I think that I proved the statement:
I take the converse, so $Q(n) \Rightarrow \lnot P(n)$ and assume $Q(n)$ hence, $n|m$.
It follows that $$m=nk: k\in\Bbb Z $$ Thus, $$k=\frac 1{n-1} \Rightarrow \left[m=\frac n{n-1}\in \Bbb Z \iff n=2\right] \Rightarrow \lnot P(n)$$
Therefore, $$\left[ Q(n) \Rightarrow \lnot P(n) \right]\Rightarrow \left[P(n) \Rightarrow \lnot Q(n)\right]$$ is true, by contrapositive.
What would be a direct proof of this statement? Is the contrapositive considered a form of direct proof?
You wish to prove the following statement.
For all integers $n$ such that $n > 2$, there does not exist an integer $m$ such that $m + n = mn$ and $n$ is divisible by $m$. We will prove this directly.

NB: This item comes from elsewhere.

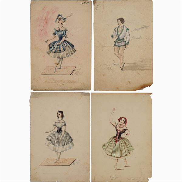 5 costume sketches, tempera, watercolored pencil and Indian ink on cardboard, three sgned at the bottom right, autograph notes on the front, defects, 24,5x17 cm.

We first note that $mn = n + (m-1)n$. Therefore, $(m-1)n=m$ and $n = \frac {m}{m-1}$. I now cite some previous knowledge you may or may not know of. Two adjacent integers $a$ and $a+1$ do not share any prime factors. Therefore, $n = \frac {m}{m-1}$ is only true when $m-1$ has no prime factors to prevent the division from resulting in a whole number integer $n$. the only numbers with that quality are $-1$ and $1$. Therefore, $m$ can only be one of two values $m = 0$ or $m = 2$. This results in two values for $n$, which are $2$ and $0$. Note that the only time $m$ exists satisfying the first condition is when the value for $n$ does not satisfy the given statement. Therefore, $m$ does not exist and the statement is true.

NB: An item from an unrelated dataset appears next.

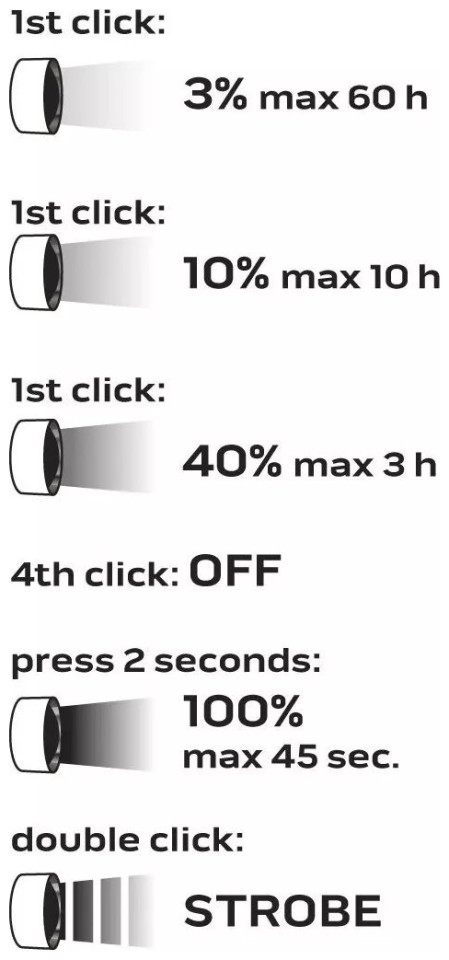 5 λειτουργίες φωτισμού: 100%, 40%, 10%, 3%, στροβοσκοπικό

Comments/Note: I didn't use the divisibility portion of the statement. That's because I didn't need it. $n$ and $m$ are always equal by the equation and equal to either $2$ or $0$. I can only presume that the mention of divisibility is a red herring meant to throw off the op and make them think more critically about what is and is not useful in a proof.